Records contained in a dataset
——

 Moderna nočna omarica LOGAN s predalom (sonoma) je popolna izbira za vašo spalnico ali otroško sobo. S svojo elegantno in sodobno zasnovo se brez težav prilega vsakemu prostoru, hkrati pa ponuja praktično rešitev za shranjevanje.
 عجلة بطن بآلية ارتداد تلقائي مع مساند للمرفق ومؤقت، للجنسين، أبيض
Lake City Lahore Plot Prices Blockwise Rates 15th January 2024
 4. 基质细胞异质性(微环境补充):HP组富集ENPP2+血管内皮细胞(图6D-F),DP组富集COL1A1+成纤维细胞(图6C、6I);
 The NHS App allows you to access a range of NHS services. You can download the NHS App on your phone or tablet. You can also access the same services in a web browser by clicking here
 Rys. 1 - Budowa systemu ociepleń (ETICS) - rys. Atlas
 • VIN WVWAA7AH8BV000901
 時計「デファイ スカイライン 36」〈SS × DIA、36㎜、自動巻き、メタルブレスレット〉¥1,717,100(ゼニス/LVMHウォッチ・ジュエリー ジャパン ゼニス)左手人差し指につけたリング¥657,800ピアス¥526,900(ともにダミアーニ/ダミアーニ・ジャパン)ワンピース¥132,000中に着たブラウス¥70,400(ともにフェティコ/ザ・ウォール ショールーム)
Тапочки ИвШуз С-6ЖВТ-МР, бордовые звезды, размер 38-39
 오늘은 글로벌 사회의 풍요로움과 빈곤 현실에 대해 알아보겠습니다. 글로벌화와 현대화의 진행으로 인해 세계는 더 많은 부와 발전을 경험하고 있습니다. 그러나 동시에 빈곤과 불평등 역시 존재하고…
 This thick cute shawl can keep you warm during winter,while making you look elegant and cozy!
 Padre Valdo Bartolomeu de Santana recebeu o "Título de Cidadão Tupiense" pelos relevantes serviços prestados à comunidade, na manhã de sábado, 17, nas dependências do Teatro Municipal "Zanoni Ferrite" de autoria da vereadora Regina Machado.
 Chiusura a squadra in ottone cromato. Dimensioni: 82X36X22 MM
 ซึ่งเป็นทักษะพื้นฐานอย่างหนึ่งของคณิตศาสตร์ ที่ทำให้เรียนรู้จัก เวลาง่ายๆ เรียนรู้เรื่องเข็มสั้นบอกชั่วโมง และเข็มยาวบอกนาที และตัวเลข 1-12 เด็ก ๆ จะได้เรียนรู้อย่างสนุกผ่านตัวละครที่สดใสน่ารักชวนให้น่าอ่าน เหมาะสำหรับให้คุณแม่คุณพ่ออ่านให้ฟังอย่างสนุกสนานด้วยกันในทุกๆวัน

——

## Exercise details
Only the lines from the one bearing "The NHS App allows" through the end of the entries above belong in the answer, each one exactly as given.

## Exercise response
 The NHS App allows you to access a range of NHS services. You can download the NHS App on your phone or tablet. You can also access the same services in a web browser by clicking here
 Rys. 1 - Budowa systemu ociepleń (ETICS) - rys. Atlas
 • VIN WVWAA7AH8BV000901
 時計「デファイ スカイライン 36」〈SS × DIA、36㎜、自動巻き、メタルブレスレット〉¥1,717,100(ゼニス/LVMHウォッチ・ジュエリー ジャパン ゼニス)左手人差し指につけたリング¥657,800ピアス¥526,900(ともにダミアーニ/ダミアーニ・ジャパン)ワンピース¥132,000中に着たブラウス¥70,400(ともにフェティコ/ザ・ウォール ショールーム)
Тапочки ИвШуз С-6ЖВТ-МР, бордовые звезды, размер 38-39
 오늘은 글로벌 사회의 풍요로움과 빈곤 현실에 대해 알아보겠습니다. 글로벌화와 현대화의 진행으로 인해 세계는 더 많은 부와 발전을 경험하고 있습니다. 그러나 동시에 빈곤과 불평등 역시 존재하고…
 This thick cute shawl can keep you warm during winter,while making you look elegant and cozy!
 Padre Valdo Bartolomeu de Santana recebeu o "Título de Cidadão Tupiense" pelos relevantes serviços prestados à comunidade, na manhã de sábado, 17, nas dependências do Teatro Municipal "Zanoni Ferrite" de autoria da vereadora Regina Machado.
 Chiusura a squadra in ottone cromato. Dimensioni: 82X36X22 MM
 ซึ่งเป็นทักษะพื้นฐานอย่างหนึ่งของคณิตศาสตร์ ที่ทำให้เรียนรู้จัก เวลาง่ายๆ เรียนรู้เรื่องเข็มสั้นบอกชั่วโมง และเข็มยาวบอกนาที และตัวเลข 1-12 เด็ก ๆ จะได้เรียนรู้อย่างสนุกผ่านตัวละครที่สดใสน่ารักชวนให้น่าอ่าน เหมาะสำหรับให้คุณแม่คุณพ่ออ่านให้ฟังอย่างสนุกสนานด้วยกันในทุกๆวัน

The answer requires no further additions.